The Road to Middlemarch related to Mead’s own life in the most profound and intellectual ways: especially the retelling of George Eliot’s life. Mead offers intimate spaces, moments Middlemarch became his guidebook. He first read her as a serious 17-year-old, immediately identified with “a young woman’s desire for a big, successful, and rich life”. This closeness does not tempt him to disrespect Eliot’s heroine, Dorothea Brooke, although Mead’s admiration for Eliot’s novel is, if not critical, unwarranted. Middlemarch It was not to everyone’s liking: some readers found Eliot’s tone condescending, always attaching an educational aspect. But Mead is having none of it: her book is an unapologetic apology for loving the books we love. His relations with Middlemarch She grew up with her life: for example, she saw analogues in her own role as stepmother to three sons in George Eliot’s love for the children of her partner George Henry Lewes. Most of all, however, Mead considers the intellectual will, the most important element of literature in the development of the life of the mind.

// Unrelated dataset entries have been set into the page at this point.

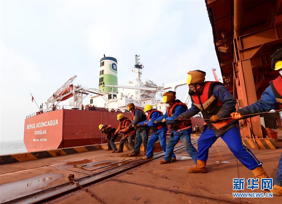 2月24日,在曹妃甸港區(qū)礦石碼頭,工人在為一艘靠岸的40萬噸級輪船拴掛纜繩。 連日來,河北省唐山港曹妃甸港區(qū)為有效防控疫情、保證安全生產(chǎn),采取對進(jìn)入港區(qū)人員檢測體溫、對車輛進(jìn)行消殺等嚴(yán)格措施,為海、陸交通暢通和物資運輸提供保障。 新華社記者 楊世堯 攝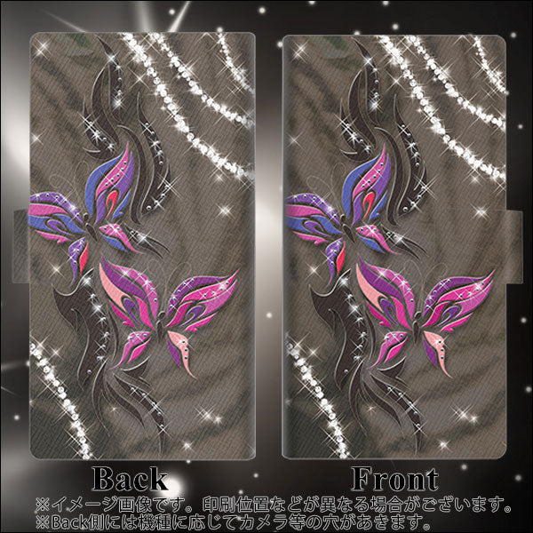 au ギャラクシーA41 SCV48 画質仕上げ プリント手帳型ケース(薄型スリム)【1164 キラめくストーンと蝶】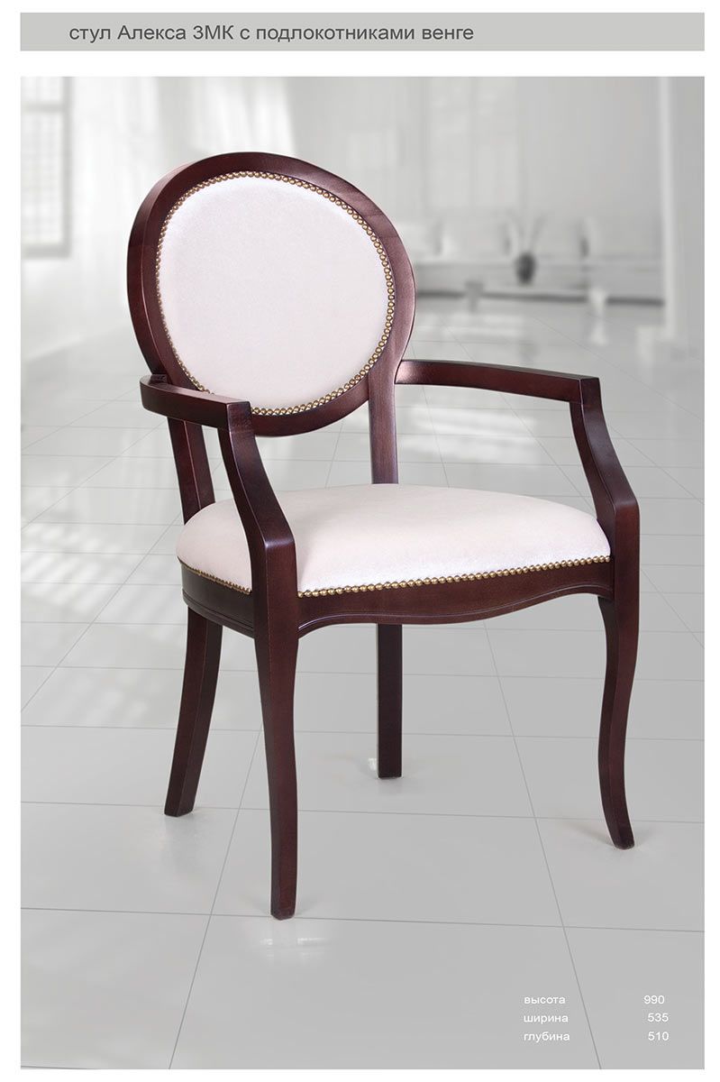Стул Алекса 3МК с подлокотниками венге из натурального дерева будет прекрасным приобретением для загородного дома выдержанного как в классическом, так и в современном стиле.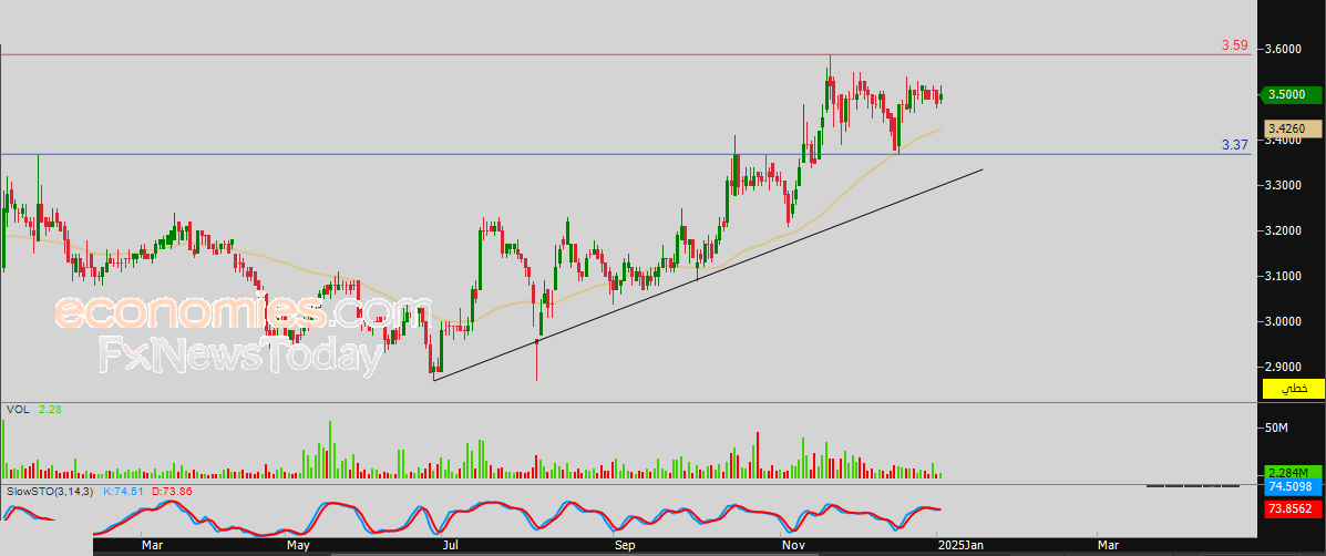 لهذا فتوقعاتنا تشير إلى المزيد من الصعود لسعر السهم خلال تداولاته القادمة، ليستهدف مستوى المقاومة المحوري والسابق ذكره 3.59 درهم استعداداً لمهاجمته.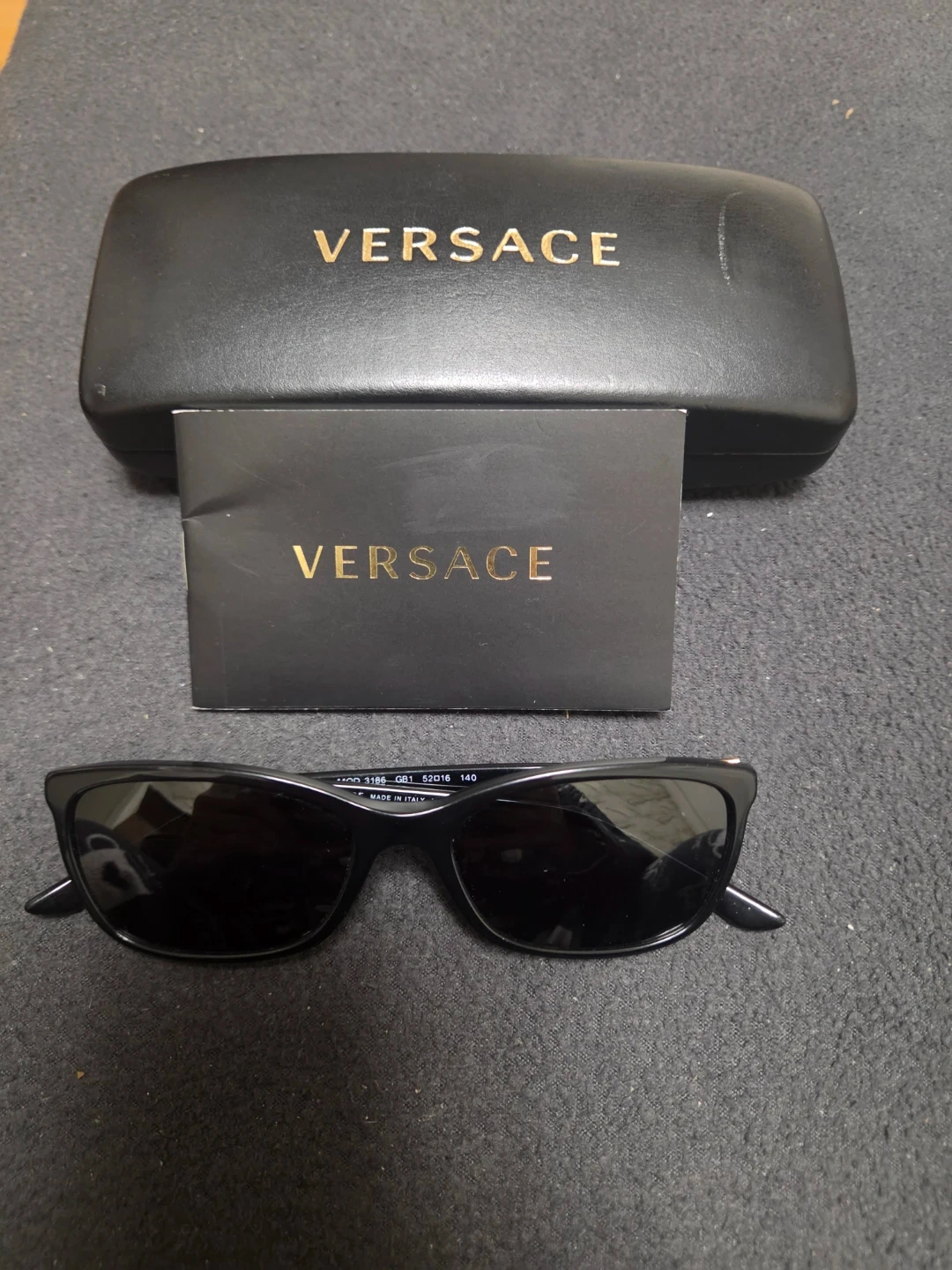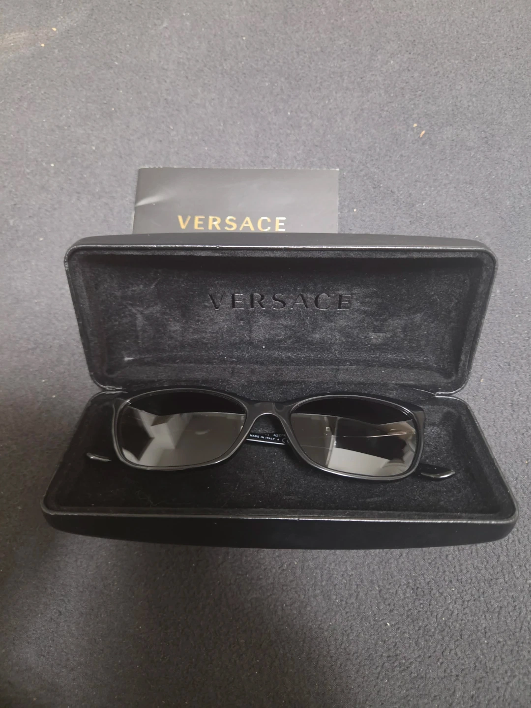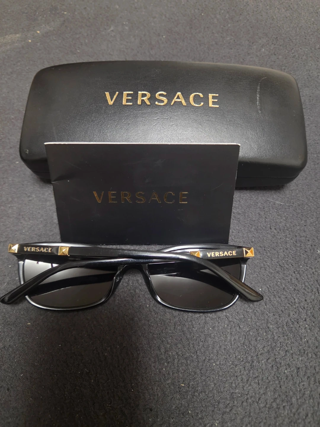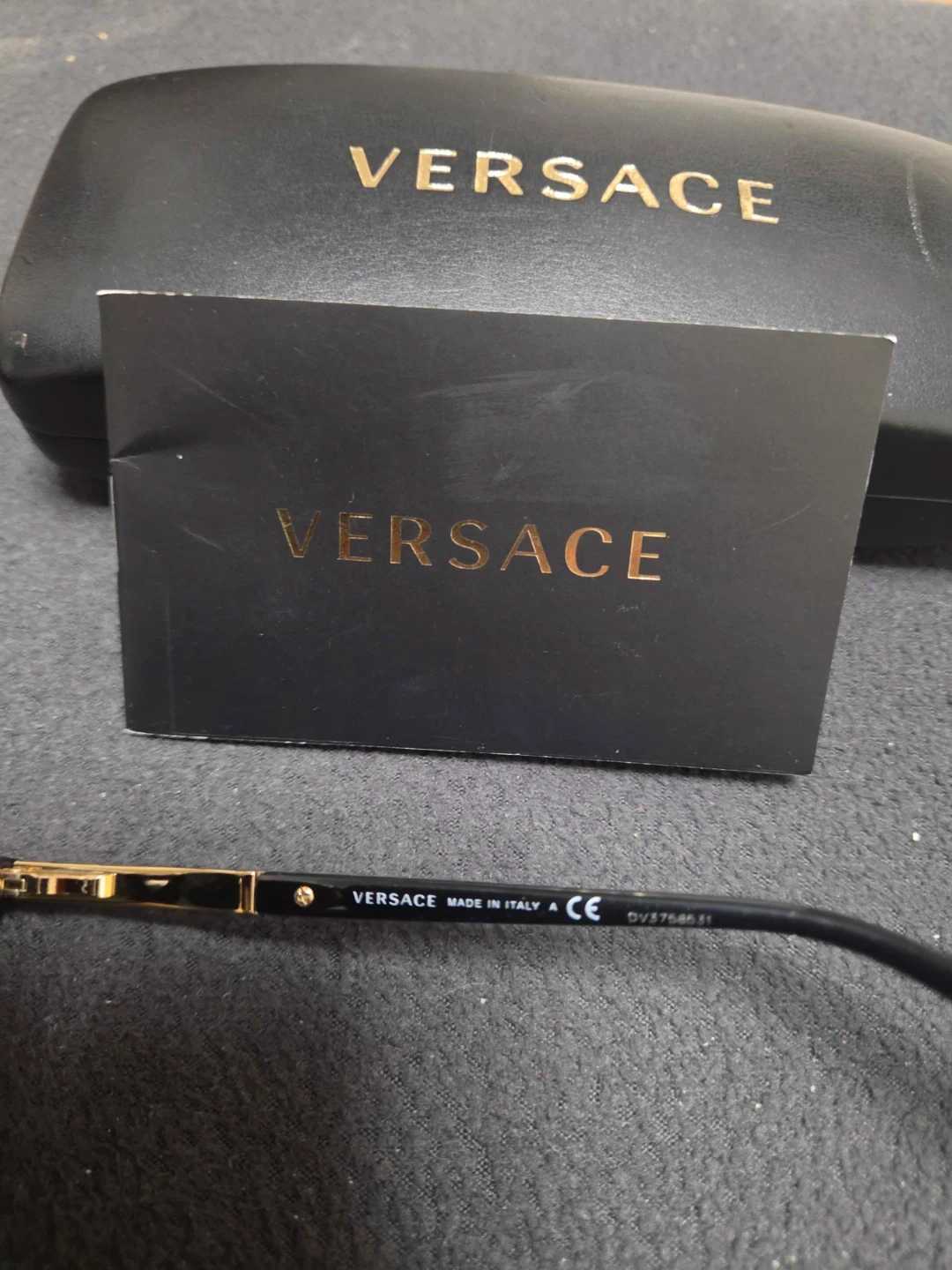 Buy & SellVersace Black Sunglasses with CaseVersace Black Sunglasses with Case$91Versace sunglasses. Black frame with gold accents. Includes original hard case and booklet. Made in Italy. Model DV3756. Lens width 52mm.ConditionLike newBrandVersaceWHERE TO MEETCheck LocationView MapSELLERverifiedLuzAstoria904 reviews2 chats·1 favorites·45 viewsSEND CHAT TO SELLERHi Luz! I’m interested in your listing.Hi Luz! I’m interested in your listing.Get the Karrot app to chatSign In to chat

Indeed, he goes so far as to say that Middlemarch, the city of thought, is “the place of reason, the state of common sense”; It is therefore surprising that he should concern himself with the ordinary details of Eliot’s life as a writer and woman, considering the various aspects of Middlemarch. because he might try Mead’s love), although marginal aspects. like Fred Vincy in their time in the spotlight. Focusing on knowledge and emotional connections, Mead defends readers who think about words and authors against accusations of ignorant or arrogant reading. He understands the problems: “this is the nature of fiction – where do I see myself here? – not how a student reads, and can be limited to his solipsism.” But Mead saw it in Middlemarch It’s a type of intelligence that he likes, “its breadth, its sensitivity, its importance, its intelligence, its depth of thought”. Content, Mead argues, is a useful and necessary form of reading: “it is the source of pleasure, and the speed of reading” for ordinary readers. He wants to see the image in the “totally pedestrian and ordinary”, although it is the only one that Mead directly stated that his project assures “the naive reader that I live and I want to close”.

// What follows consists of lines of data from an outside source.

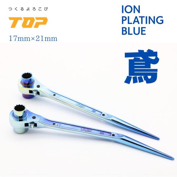 TOP トップ工業 両口ラチェットレンチイオンプレーティング青色 鳶仕様 限定色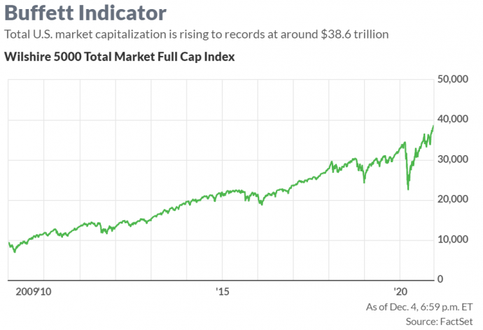 Безусловно, критерий Баффета, который босс Berkshire Hathaway ранее провозглашал «лучшим единичным показателем того, где находятся оценки в любой данный момент», неоднократно отмечался во время недавнего постпандемического ралли. , как тревожный признак того, что рынки опережают самих себя и чрезмерно оптимистичны по поводу прогресса вакцины COVID-19.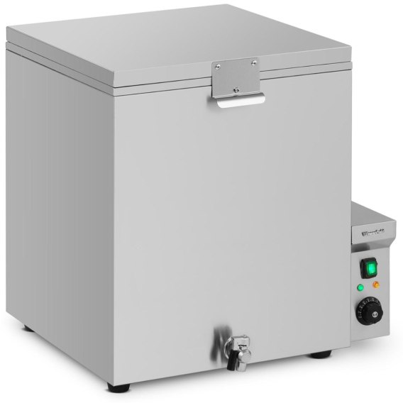 Oparzalnik do drobiu marki Wiesenfield idealnie sprawdza się w obróbce kurczaków przed umieszczeniem ich w skubarce. Otwarcie porów skóry pod wpływem wysokiej temperatury zapewnia później szybkie i wydajne usuwanie pierza. Sprzęt nadaje się również do kaczek, gęsi, bażantów oraz indyków. Maszyna jest w stanie wyparzać 7-8 kurczaków jednocześnie. Wewnątrz oparzalnika znajduje się wyjmowanystalowy kosz o wymiarach 430x430x505 mm. Sprzęt mapojemność 120 l. Obudowa wykonana została zestali nierdzewnej. Zachowanie czystości ułatwia kurek spustowy. Prosta obsługa dzięki pokrętłu do ustawiania temperatury i oddzielnemu przyciskowi do włączania/wyłączania.Czuły termostat odpowiada za sterowanie grzałką.Zaleca się oparzać: kurczaki w temp. 60-65°C przez 70-90 s, kaczki w temp. 63-66°C przez 160-180 s, gęsi w temp. 70-72°C przez 120-130 s, bażanty w temp. 63-67°C przez 70-90 s, indyki w temp. 51-54°C przez 80-95 s.

Well, although one should not admit that there are very different “special” and “normal” readers. Mead delivers with a light touch; for those who do not know Middlemarch and Eliot is good, there’s a lot to see. Some people may find it a little educational but a lot of fun – while others may like the language of the story itself, which is shorter than expected from the literary tribute. That said, Mead can’t be blamed for leaving Eliot to write his book for him, and he certainly did his homework, visiting archives and mystery-mongering hand-in-hand. five of 150 years ago.

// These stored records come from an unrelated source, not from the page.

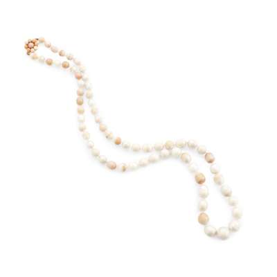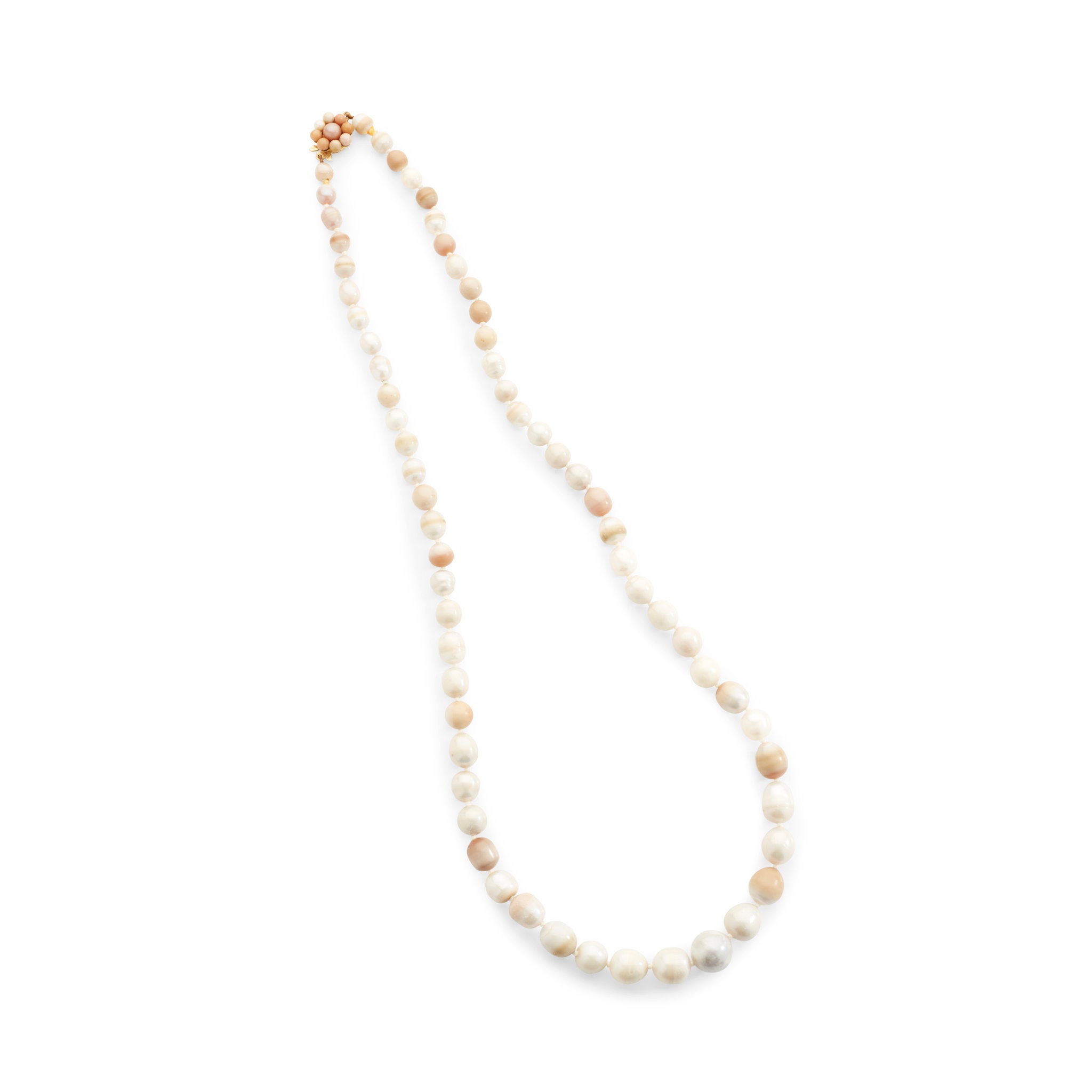composed of a single row of graduated brown to white Scottish freshwater pearls, to a 9ct gold Scottish freshwater pearl clasp
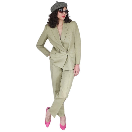 Vintage 80s Designer Pant Suit Pale Green Linen Collectible Gold Giorgio Sant Angelo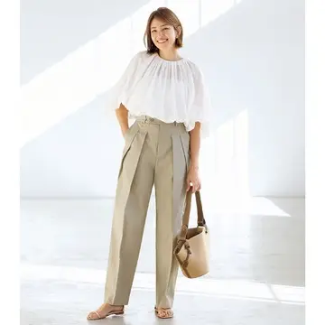 気になる肘が隠れつつ、ブラウジングすることでトレンドのニュアンスが表現できるギャザー袖。上品な光沢感としなやかな肌ざわりのスビンコットン素材で高見えするのも魅力! ほんのり立ち上がったモックネックが首まわりを美しく見せる。ジャケットのインに着ても襟もとがポイントに。(159cm Fサイズ着用)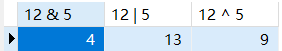 SELECT 12 & 5, 12 | 5,12 ^ 5 FROM DUAL;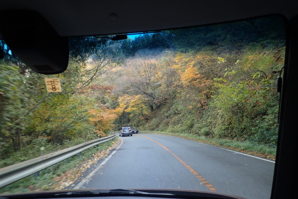 これまでに無かった落葉樹林帯を暫く走ると・・・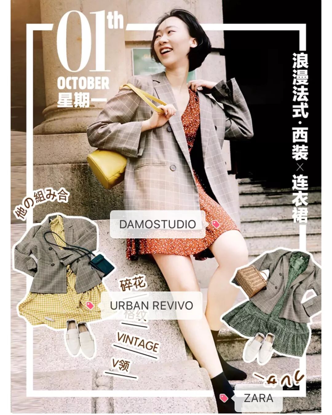 经典的格纹西装搭配浪漫的碎花连衣裙,复古中带着浓浓的法式优雅。选择一件彩色连衣裙作为内搭,能很好协调西装的正式感,浪漫指数飙升~

Ultimately, if Mead defends our right to read as we choose, he believes we are blessed by choosing great books. In this he is in full accord with Eliot, who declared: “If Art does not increase the love of man, it does no justice.” But Mead reminds us that Eliot’s educational focus was not limited to culture: “One must spend many years in the study of happiness,” he once wrote. Mead concludes: “There are books that understand us as we understand them, or not. But who is the medicine and who is the teacher? These tributes are accused by some as parasitic, there are fewer works on important things. But criticism is always charged with parasitism – with derivative, dependent, debased. Some of us can argue that instead of criticizing the relation to the great literature: good criticism, does not seek to destroy its host, but to help to grow in different ways, to change and change in changing worlds. Or, for Extending Mead’s metaphor, we might say that good gardeners are good observers, grafting, weeding, and recording our world’s limited resources to historians. If Mead helped Middlemarch in bloom for the new readers, as it is true, then he did more.

Sarah Churchwell is the author of The Careless: Murder, Violence and the Invention of The Great Gatsby.